GenAI (Generative AI) has become quite the buzzword today. Some view it as a groundbreaking technology, while others view it as nothing more than autocorrect on steroids. But what exactly is this "steroid" It refers to the transformer architecture which was a breakthrough in AI. In 2017, Google published a research paper titled “Attention is All You Need” introducing the transformer architecture. This innovation laid the foundation for the development of transformer models like BERT, GPT.

Why Did Google Create the Transformer Architecture?

You might think, “Google created it to develop their AI” but that’s not quite right. In fact, they developed the transformer architecture to improve Google Translator. Let me show you what I mean with an example.

If we convert the sentence “I miss you” into Hindi, word by word:

“I” becomes “मैं”
“miss” becomes “चूकना”
“you” becomes “आप”

This gives us: “मैं तुम्हें चूकता हूँ” but this doesn’t really convey the meaning of “I miss you” in Hindi.

That’s why Google developed the transformer to help machines understand the meaning of a sentence rather than just translating words individually.

What is GenAI?

Generative AI (GenAI) refers to models that are designed to mimic human creativity.

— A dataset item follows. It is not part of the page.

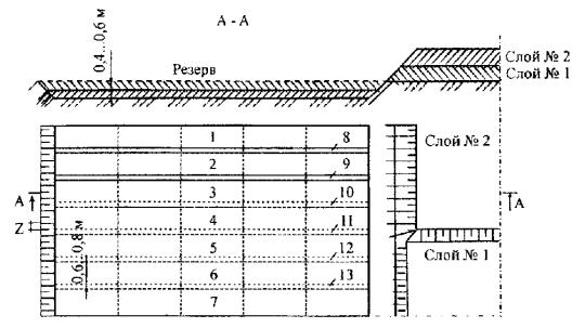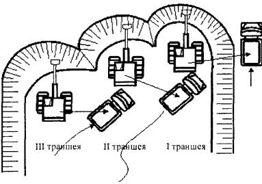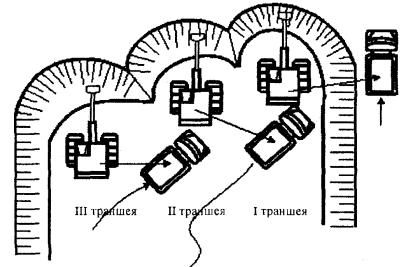 где V - объем грунта, который может переместить бульдозер за один проход, м3; B - ширина отвала бульдозера, м; z - перекрытие следа (0,25 - 0,3 м); h - толщина растительного слоя, м. В дальнейшем срезанный растительный грунт используют для укрепления откосов земляного полотна. Основание насыпи уплотняют катком ДУ-101 за 4 прохода по одному следу. При уплотнении каждый предыдущий след перекрывают последующим на 1/3 его ширины. Движение катка осуществляют по круговой схеме. Основание насыпи должно иметь коэффициент уплотнения не ниже 0,98. 2.4. Технологической картой предусмотрено возведение насыпи земляного полотна с разработкой грунта экскаваторами ЭО-4225 и транспортировкой автомобилями-самосвалами КамАЗ-55111 на расстояние 1,5 км. Разработку грунтового карьера экскаваторами «прямая лопата» производят по схеме (рис. 3). Рис. 3. Схема разработки грунтового карьера Сечение забоя устанавливают в соответствии с рабочими характеристиками выбранного типа экскаватора (рис. 4). При принятой схеме разработки грунтового карьера экскаватором вначале устраивается сквозная поперечная траншея, транспортные средства в этом случае размещаются выше уровня стоянки экскаватора. В дальнейшем разработка карьера ведется продольными проходами. Глубина первой

How do these models achieve this? They are trained on extremely large datasets, allowing them to learn patterns, styles, and structures from the data. Based on this pre-trained knowledge, the models can generate new content that resembles human-created work. This content can include text, images, code etc. There’s no need for an example here everyone knows it, everyone use it.

Life before transformers

Earlier AI systems used rule-based logic to handle every possible scenario. These systems were rigid and could not handle the unpredictability of human language or creativity. Later, deep learning models marked a shift in AI by enabling machines to learn from data. The introduction of sequence models like RNNs (Recurrent Neural Networks) and LSTMs (Long Short-Term Memory networks) brought improvements in natural language tasks. However, there were still significant limitations, especially when working with longer text sequences. These gaps were later addressed with the introduction of transformers.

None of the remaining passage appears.